Yamamoto’s background also hints at why Veeam would make this organisational move now. She most recently served as chief integrated customer growth officer at Freshworks, overseeing AI-powered customer and employee experience across marketing, sales, customer success, and support. Earlier, she held senior roles at F5 and Marketo, including president prior to Marketo’s acquisition by Adobe and later general manager of the Marketo business. The pattern is less about a single channel and more about lifecycle cohesion.
Strategic observation: The fastest-growing brands will treat AI as a journey layer, not a campaign layer.
What marketers should know about marketing-led AI customer strategy
Marketing-led AI customer strategy is essentially a bet that “experience consistency” is a competitive lever, and that brand trust is built through the cumulative logic of interactions.
1. A new kind of marketing KPI is emerging: interaction continuity
If each engagement is meant to build on the last, marketers should push for metrics that capture repetition, handoff quality, and time-to-resolution, not just top-of-funnel volume.

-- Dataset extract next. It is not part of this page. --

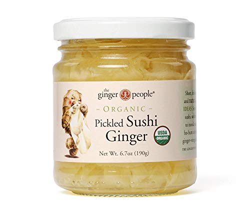 Discriminating sushi chefs will tell you that this is the purest sushi ginger around. It contains none of those nasty artificial dyes, sweeteners or preservatives. And that’s not even the best part. Now, it’s organic Available in small jars for the home chef and in larger pack sizes for sushi bars and restaurants. For salads, sushi, and gourmet sandwiches. As a garnish, use it along with a dab of wasabi on grilled ahi tuna.Gluten Free.All Natural.USDA Organic.One ounce contains 20 calories, 0g fat, 5g carbs.4 pack / 6.7oz per jarProduct of ChinaThe Ginger People Ingredients: Organic ginger, organic cane sugar, rice vinegar, citric acid.

2. Customer AI will expose data governance gaps faster than any campaign
Veeam explicitly tied its approach to data value and security. That is a signal to marketers: if the data foundation is unclear or inconsistent, AI will amplify that inconsistency at scale.

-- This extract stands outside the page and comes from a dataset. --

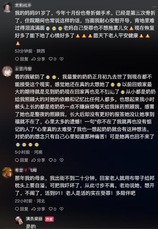 演员梁丽和92岁妈妈在家自导自演“自杀”情景剧,3分钟的视频里只听哭声不见眼泪,但观众很买账。 初看这个视频,还觉得梁丽发现的真及时,要不然后果不堪设想。 因为梁丽一进门,她92岁的妈妈正手拿着什么东西往嘴里塞,梁丽及时制止下来之后,硬掰开妈妈的手,发现是一大把药片。 接着就发现了妈妈藏在枕头下面的药瓶,仔细一看是一瓶安眠药。 在这种情况下,梁丽着急的询问妈妈为什么要这样。 妈妈犹豫一下之后,就慢慢把原因说了出来,一年之内梁丽妈妈骨折3次,如今92岁的她经常需要人照顾,所以她觉得自己是家里的累赘,故想出这样的下策。 知道原因之后,梁丽苦口婆心的劝说,说这都是他们应该做的,希望妈妈不要做傻事,不然让她怎么跟逝去的爸爸交代。 说着说着就开始有了哭腔,但是整整3分多钟的视频却只有哭腔,眼泪却不见流出来。 妈妈的状态也是看着十分木讷,只是动情之处,拿手擦拭眼睛。 到这,初看视频的网友也发现了不对,为什么妈妈喝药恰好能被记录下来,梁丽也是带妆出现。 直到看见视频下方标注的内容演绎,仅供娱乐的字眼,才知道视频是剧情演绎。 但明知是演绎,网友在评论区还是表示能够共情,纷纷分享了自己类似的遭遇。 确实,梁丽在家照顾母亲,闲余时间利用自己的专业拍摄一些小视频挺,既能让母亲打发时间又能提高点人气挺好。 只是,让92岁的妈妈拍摄这种“自杀”剧情,先不管心理上会不会觉得不适,悲伤的情绪也不太适合这个年纪的老人,会不会加重不适。 还是少拍这样的视频,多带母亲高兴高兴,有个好心情。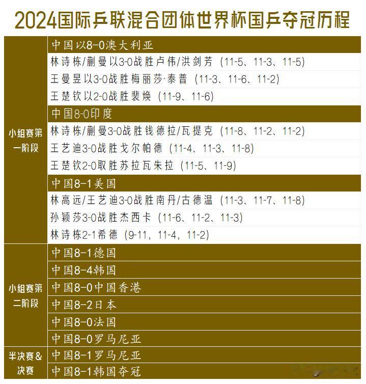 【11场仅丢十局丝滑夺冠!2024国际乒联混合团体世界杯国乒夺冠历程回顾!】 去年的混合团体世界杯国乒11连胜夺冠彰显硬实力,确实是独一无二的存在! 小组赛第一阶段砍瓜切菜三轮只丢了一局,第二阶段车轮战,面对日韩丢掉六局。 半决赛和决赛,国乒分别给了罗马尼亚和韩国各一局,如果没有第一阶段第二轮的车轮战,预计淘汰赛国乒完全可以零封夺冠。 毕竟,男女单和混双都是国乒优势明显的项目,国乒相对弱的项目是男双。

3. “One trusted platform” is as much a positioning claim as a workflow requirement
Yamamoto’s framing blends brand narrative with operational reality. Marketers should treat platform coherence as part of the story customers test in day-to-day interactions.
4. Cross-functional leadership is becoming a prerequisite, not a nice-to-have
The role design and Eswaran’s rationale both point to a need for leaders who can connect brand, demand, customer success, and support. AI makes those boundaries visible to customers, which means internal silos become external experience problems.
The deeper shift is that AI experience work is moving upstream. It starts earlier than customer support automation and later than brand campaigns. It lives in the connective tissue: how an organisation remembers, responds, and stays consistent.
As more companies embed AI into customer-facing processes, “trust” will be shaped by coherence, not claims. The brands that win will not be the ones with the most AI features, but the ones whose interactions feel aligned across the entire relationship.
That is why this appointment matters as a marketing signal. It suggests Veeam is treating customer AI as a strategic layer of go-to-market, not a downstream enablement project.